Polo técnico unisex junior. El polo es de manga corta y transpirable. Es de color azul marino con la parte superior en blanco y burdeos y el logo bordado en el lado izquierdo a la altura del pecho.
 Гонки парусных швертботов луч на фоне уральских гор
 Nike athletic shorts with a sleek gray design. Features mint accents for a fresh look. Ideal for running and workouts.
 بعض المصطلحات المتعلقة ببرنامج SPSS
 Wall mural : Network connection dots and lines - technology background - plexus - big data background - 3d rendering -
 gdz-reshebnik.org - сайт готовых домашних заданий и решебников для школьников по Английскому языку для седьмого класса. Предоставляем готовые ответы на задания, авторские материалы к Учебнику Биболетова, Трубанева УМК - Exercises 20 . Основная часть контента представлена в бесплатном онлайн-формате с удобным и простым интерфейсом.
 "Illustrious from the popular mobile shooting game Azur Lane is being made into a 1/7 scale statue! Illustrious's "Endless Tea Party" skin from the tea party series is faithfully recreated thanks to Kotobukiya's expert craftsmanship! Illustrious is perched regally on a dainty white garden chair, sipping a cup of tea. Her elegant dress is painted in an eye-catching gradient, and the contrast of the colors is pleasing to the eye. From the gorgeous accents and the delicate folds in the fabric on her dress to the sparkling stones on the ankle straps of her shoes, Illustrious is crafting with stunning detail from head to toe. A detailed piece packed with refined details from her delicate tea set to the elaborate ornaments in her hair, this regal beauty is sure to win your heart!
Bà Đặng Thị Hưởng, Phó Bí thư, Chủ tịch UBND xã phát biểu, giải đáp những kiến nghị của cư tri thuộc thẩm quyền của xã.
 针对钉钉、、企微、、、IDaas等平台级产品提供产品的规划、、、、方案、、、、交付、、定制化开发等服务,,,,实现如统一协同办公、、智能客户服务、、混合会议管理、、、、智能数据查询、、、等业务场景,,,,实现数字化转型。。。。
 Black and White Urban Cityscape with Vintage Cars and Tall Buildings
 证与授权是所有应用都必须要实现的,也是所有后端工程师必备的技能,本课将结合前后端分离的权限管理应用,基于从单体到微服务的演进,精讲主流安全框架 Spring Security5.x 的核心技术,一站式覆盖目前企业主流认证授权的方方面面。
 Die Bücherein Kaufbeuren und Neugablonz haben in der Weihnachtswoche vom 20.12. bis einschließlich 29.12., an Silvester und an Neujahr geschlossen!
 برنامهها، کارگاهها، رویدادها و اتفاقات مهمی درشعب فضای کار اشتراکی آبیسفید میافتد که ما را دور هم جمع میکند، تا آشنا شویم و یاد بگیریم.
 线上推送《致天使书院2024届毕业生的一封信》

● ● ● ●

> Your assignment:
Nothing but the lines from the one holding "برنامهها، کارگاهها، رویدادها" to the end of the entries should be returned, each exactly as it stands.

> Solution:
 برنامهها، کارگاهها، رویدادها و اتفاقات مهمی درشعب فضای کار اشتراکی آبیسفید میافتد که ما را دور هم جمع میکند، تا آشنا شویم و یاد بگیریم.
 线上推送《致天使书院2024届毕业生的一封信》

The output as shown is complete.